Oil prices experienced a rebound on Wednesday following a report suggesting that the Organization of the Petroleum Exporting Countries (OPEC) and its allies may postpone a planned increase in production slated for December. Reuters, citing three unnamed sources, reported that the OPEC+ group is considering delaying its production hike by one month due to concerns over weak demand and rising oil supply.
As of the latest trading session, West Texas Intermediate (WTI) crude oil was priced at $68.89 per barrel on the New York Mercantile Exchange, marking a 2.5% increase from the previous close. Similarly, Brent crude traded at $72.38 per barrel on the Intercontinental Exchange, up 2.3% from the prior session. This uptick comes after two consecutive days of losses, during which prices plummeted by as much as 6% following Israel’s limited military action against Iran over the weekend.
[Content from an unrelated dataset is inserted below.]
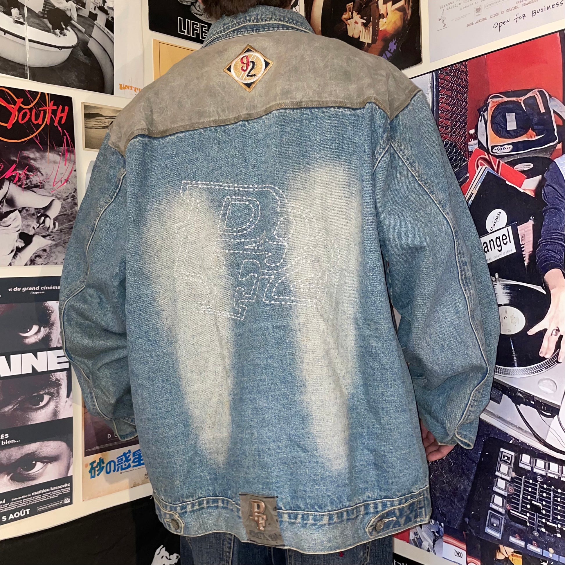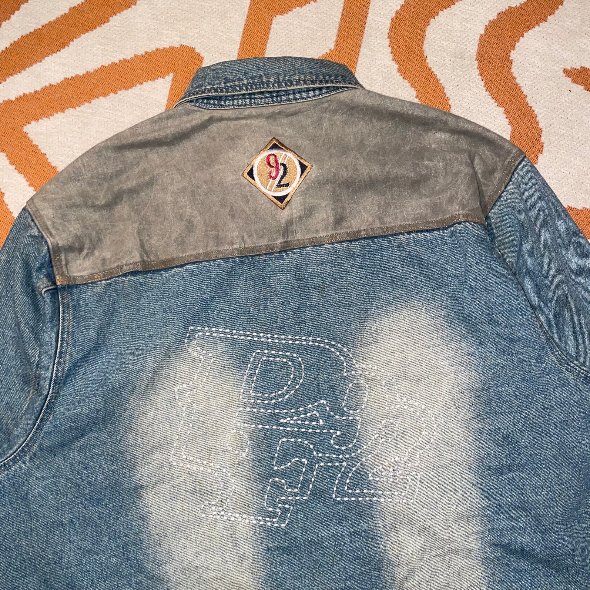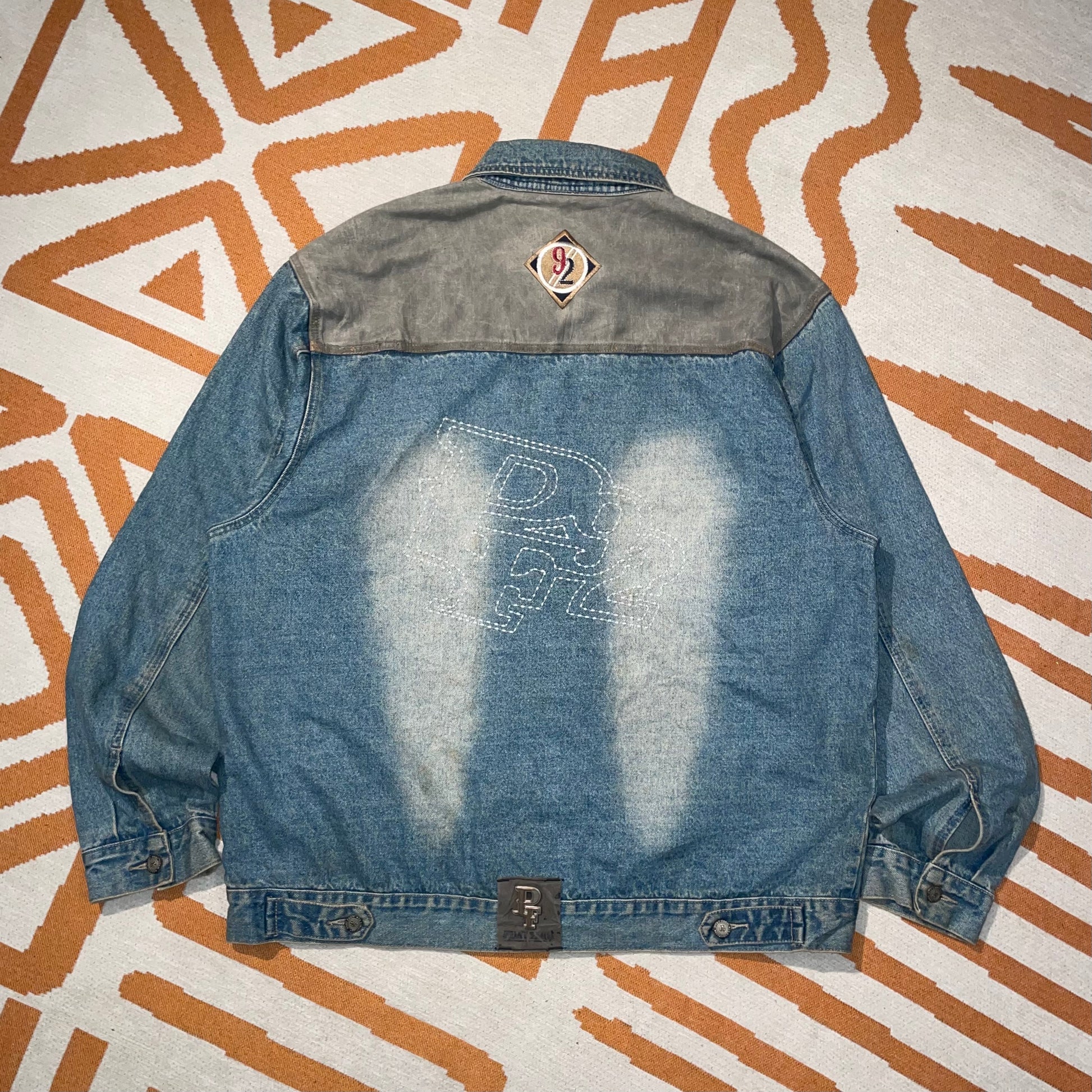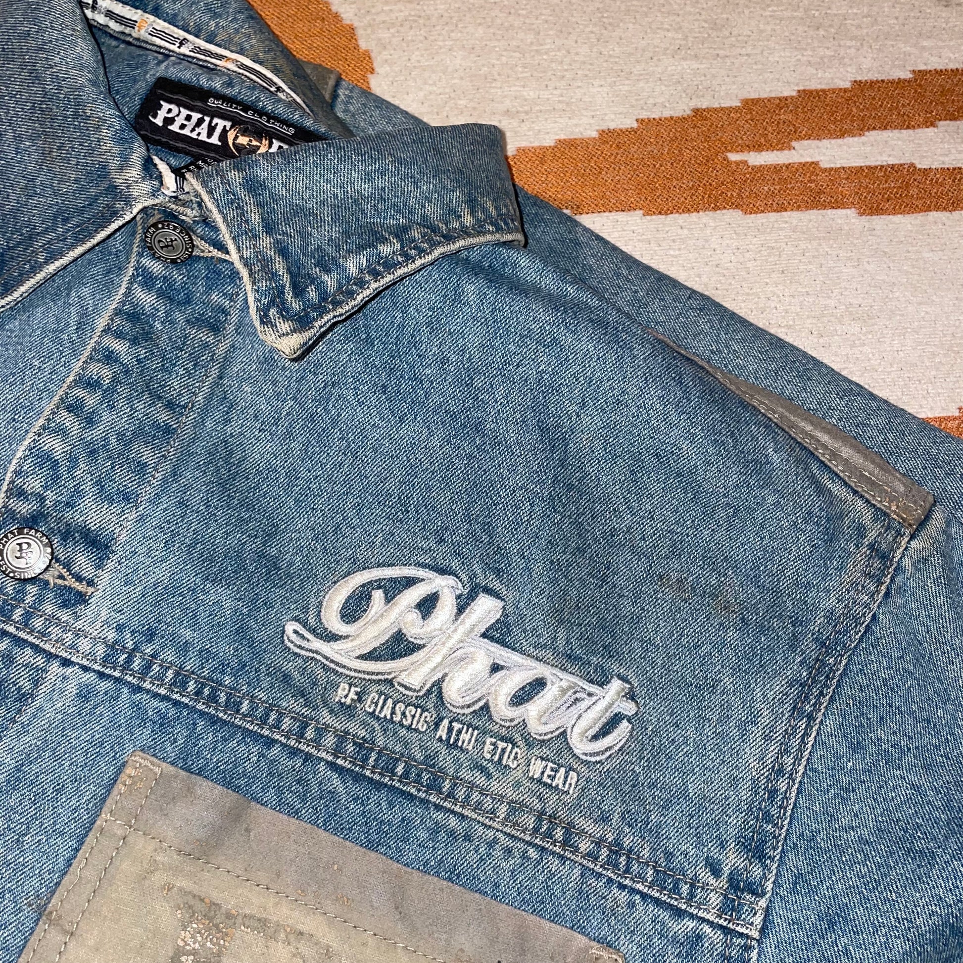 Beautiful 2000s Phat Farm denim jacket with panelled/embroidered design. Lettering on chest. Loose industrial fit.
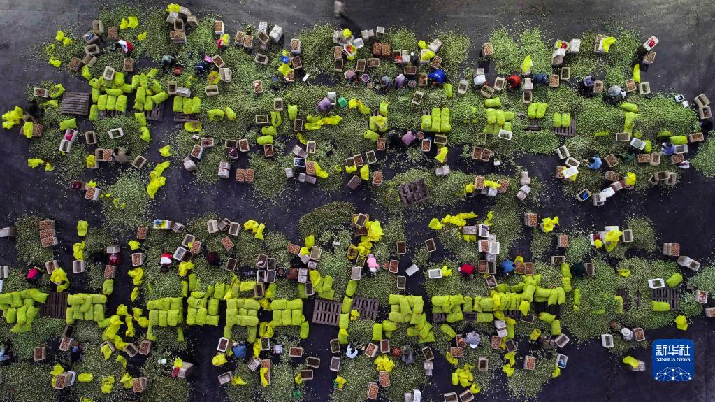 9月2日清晨,在河北省遵化市東舊寨鎮石橋頭村,村民剝核桃青皮(無人機照片)。

OPEC+ Production Decisions
Insiders indicated that the oil market is not “healthy enough” to support the planned production increase in December. Two of the sources, familiar with ongoing discussions within OPEC+, suggested that the proposed increase could be delayed by at least one month. The third source, an OPEC+ delegate, did not specify a timeline for any potential delay. The news of a possible production hold led to a positive reaction in oil prices, alleviating market concerns about oversupply, especially as demand continues to weaken, particularly in top importer China.
OPEC is scheduled to increase its oil production by 180,000 barrels per day starting in December. Saudi Arabia, as the de facto leader of OPEC+, has signaled its willingness to accept lower oil prices to reclaim market share. The group has maintained voluntary production cuts totaling 2.2 million barrels per day since the start of the year, in addition to a broader cut of 3.6 million barrels per day that has been in effect since late 2022. Collectively, these measures represent nearly 6% of the global oil supply.
US Inventory Trends
In the United States, crude oil inventories fell unexpectedly in the week ending October 25, further boosting market sentiment. According to data from the US Energy Information Administration (EIA), oil inventories decreased by 573,000 barrels last week, contrasting with the previous week’s increase of 1.6 million barrels. This decline in inventory levels supported price recovery.
Additionally, private data from the American Petroleum Institute (API) also reported a decrease in US oil stockpiles, confirming a drop of 573,000 barrels. Refined products similarly saw declines, with distillate and gasoline inventories falling by 1.46 million barrels and 282,000 barrels, respectively, according to API data.
The combination of OPEC+ production concerns and falling US inventories has created a more favorable environment for oil prices, signaling a potential stabilization in the market.